The reply is to contain the full listing, repeated exactly, with pictures left out.

» **Collected data**:
=== Begin Enclosure ===

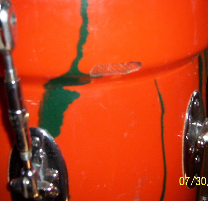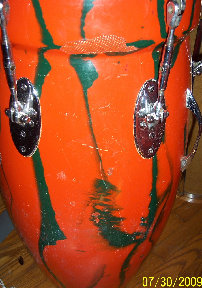 Here ya' go, Tonio. I pulled the head off the tumba to check something. The chrome is decent for the age, I replaced all of the sideplate screws and acorn nuts with stainless. I cleaned up the shell with Penetrol but, there are lots of small scratches. As the pics show, there are some gelcoat voids that look like original defects since the color goes all of the way through. I decided not to fix them due to; gelcoat has very little strength and, the repairs would show and I'd have to paint the whole drum. the quinto has none of the gelcoat voids, just lots of small scratches. There is one spot that looks like someone tried to touch up. It has a Bill Confer head and sounds awe
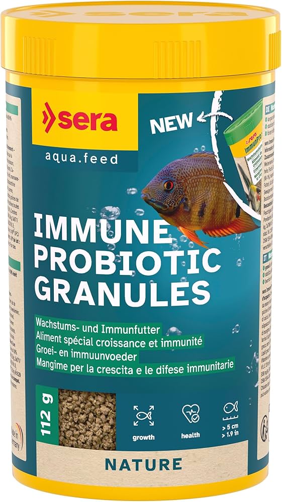 Sera ImmunPro Nature is the growing food for all ornamental fish over 4 cm. Probiotics are applied to food with a particularly gentle process and stabilize the intestinal flora of ornamental fish. They ensure reduced water contamination due to the more efficient absorption of food. Due to the high protein content of over 50%, the addition of probiotics and other functional ingredients such as MOS, Haematococcus (rich in natural astaxanthin) and spirulina, ensure fast growth, strong growth and bright color of the fish. ...More
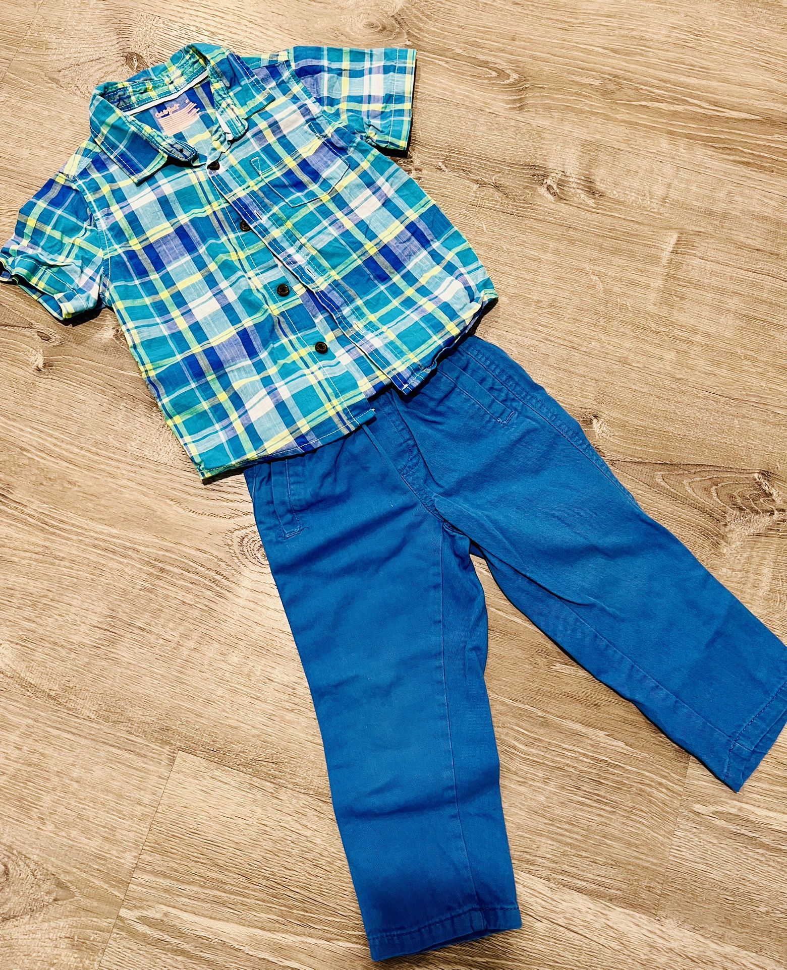 Toddler blue outfit. Cat & Jack squared shirt (size 3T). Blue pants size 3T. $10 or best.

=== End Enclosure ===

» **Exercise solution**:
 Here ya' go, Tonio. I pulled the head off the tumba to check something. The chrome is decent for the age, I replaced all of the sideplate screws and acorn nuts with stainless. I cleaned up the shell with Penetrol but, there are lots of small scratches. As the pics show, there are some gelcoat voids that look like original defects since the color goes all of the way through. I decided not to fix them due to; gelcoat has very little strength and, the repairs would show and I'd have to paint the whole drum. the quinto has none of the gelcoat voids, just lots of small scratches. There is one spot that looks like someone tried to touch up. It has a Bill Confer head and sounds awe
 Sera ImmunPro Nature is the growing food for all ornamental fish over 4 cm. Probiotics are applied to food with a particularly gentle process and stabilize the intestinal flora of ornamental fish. They ensure reduced water contamination due to the more efficient absorption of food. Due to the high protein content of over 50%, the addition of probiotics and other functional ingredients such as MOS, Haematococcus (rich in natural astaxanthin) and spirulina, ensure fast growth, strong growth and bright color of the fish. ...More
 Toddler blue outfit. Cat & Jack squared shirt (size 3T). Blue pants size 3T. $10 or best.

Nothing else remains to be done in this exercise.